** WORK TO BE COMPLETED **
Please copy the lines below, exactly as they are, from the one with "Durante los allanamientos" through the one with "소외된 이웃에게 도움의", and leave out the pictures.

(Beginning of DATA SHOWN)

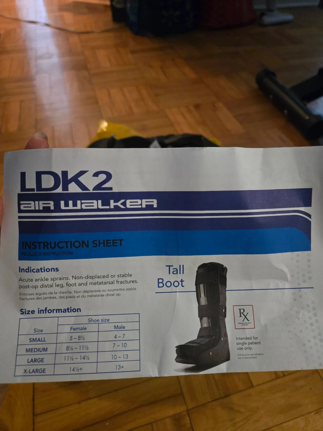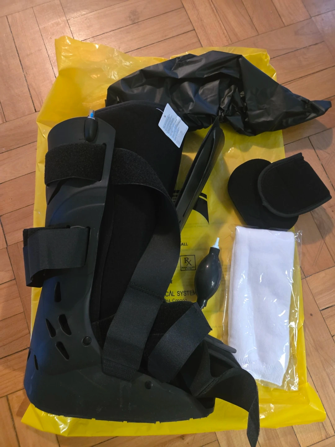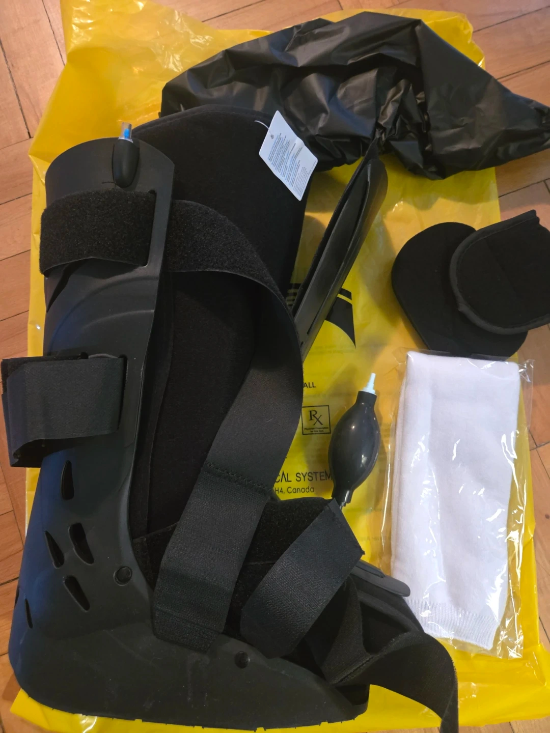 This LDK2 Air Walker tall boot is designed for acute ankle sprains, non-displaced or stable boot-strap distal leg, foot and metatarsal fractures. It's intended for single patient use and comes with an air pump for inflation. Includes a black boot, white sock, and black pads.
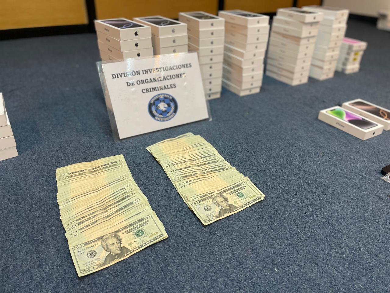 Durante los allanamientos simultáneos, se logró la identificación de los imputados y el secuestro de 15.885 dólares, 47.000 pesos, un iPad en caja cerrada, una notebook, 56 cables USB, 40 cabezales cargadores, 30 fundas con inscripción Apple, una máquina de contar billetes, una carpeta con anotaciones vinculadas a la empresa investigada, y 126 teléfonos iPhone de diferentes modelos.
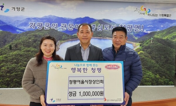 지병록 청평면장은 “주변의 소외된 이웃에게 도움의 손길을 건네는 따뜻한 마음에 감사하다 매년 도움을 주시는 청평 여울시장상인회 분들에게 감사드리고 성금은 도움이 필요한 곳에 잘 전달하겠다”고 전했다.
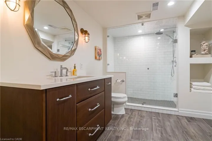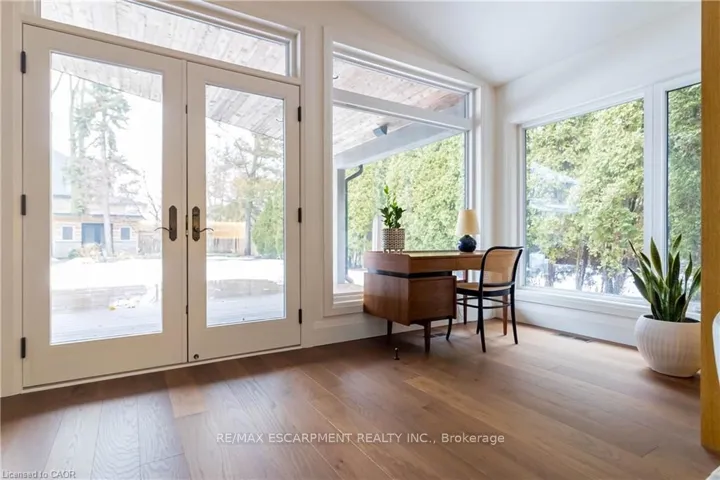 +"PublicRemarks": "With over 2000 sq ft of above ground living space, this exquisite residence in Aldershot's highly sought-after, La Salle Park neighbourhood, offers sophisticated design & timeless appeal. Masterfully crafted by renowned Toronto interior designer, Lisa Lev, & featured in The National Park, this home blends warm organic materials with modern elegance. At the heart of the home lies the open-concept great room & kitchen, designed for effortless everyday living &sophisticated entertaining. The expansive great room features soaring vaulted ceilings, rich wood-tone paneling, custom millwork & seamless built-ins that deliver architectural depth & generous storage. A striking vertical wood slatwall introduces airy sophistication while subtly defining spaces. Beautiful french doors frame stunning views of the private rear yard & provide direct access to the sparkling in-ground pool & serene outdoor areas. The adjacent kitchen is equipped with premium Miele appliances, wood-tone cabinetry paired with crisp white accents, custom pantry units &a luxurious quartz island with waterfall edges. A convenient side door opens to a built-in gas BBQ, enhancing seamless indoor-outdoor living. Thoughtfully positioned on the main floor for privacy, the primary suite includes a luxurious5-piece ensuite & spacious custom walk-in closet. A separate, sun-drenched formal living room centers on a gas fireplace, offering a cozy, intimate retreat. The formal dining room & powder room complete the main floor. The fully finished basement adds exceptional versatility with two bonus rooms (ideal as bedrooms, offices, or hobby spaces), 3-piece bathroom, dedicated laundry room, & ample storage. Outside, the professionally landscaped rear oasis features the in-ground pool, composite decking, low-maintenance Astro Turf, pool shed, & detached garage & parking for 5+cars. This turnkey masterpiece combines premium finishes, designer pedigree & a prime location near parks, trails &the Lake."

(End of DATA SHOWN)

** YOUR SOLUTION **
 Durante los allanamientos simultáneos, se logró la identificación de los imputados y el secuestro de 15.885 dólares, 47.000 pesos, un iPad en caja cerrada, una notebook, 56 cables USB, 40 cabezales cargadores, 30 fundas con inscripción Apple, una máquina de contar billetes, una carpeta con anotaciones vinculadas a la empresa investigada, y 126 teléfonos iPhone de diferentes modelos.
 지병록 청평면장은 “주변의 소외된 이웃에게 도움의 손길을 건네는 따뜻한 마음에 감사하다 매년 도움을 주시는 청평 여울시장상인회 분들에게 감사드리고 성금은 도움이 필요한 곳에 잘 전달하겠다”고 전했다.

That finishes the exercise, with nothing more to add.